We found three out of four extreme forest fire years since states started keeping records 90 years ago have occurred since 2002.
And we found that the fire season is growing, moving out of spring and summer into autumn and winter.
These trends are almost entirely due to Australia’s increasingly severe fire weather and are consistent with predicted human-induced climate change.
Our study is based on satellite and ground-based estimates of burnt forest area, and trends of nine wildfire risk factors and indices that relate to characteristics of fuel loads, fire weather, extreme fire behaviour, and ignition.
We have focused here only on the most dangerous forest fires, not the fires affecting Australia’s savanna across the tropical north.

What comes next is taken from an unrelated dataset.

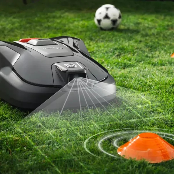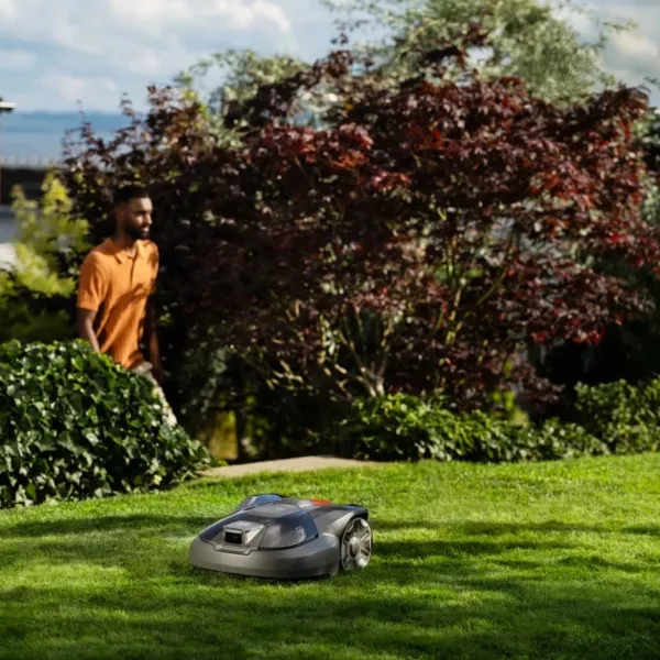 - Тихая работа (только 63 дБ), автоматический возврат на зарядную станцию и управление через приложение Husqvarna Automower Connect (Wi-Fi, Bluetooth).

Fire burns much more land than 25 years ago
Before the 1990s, Australia’s forest fires were infrequent, though damaging. A given area would burn at an interval between 20 to over 100 years.
The exception were rare summers which would see severe and extensive fires, such as 1939. Overall, only a small fraction of the total forest area burned in any year.
This pattern of fire behaviour no longer exists.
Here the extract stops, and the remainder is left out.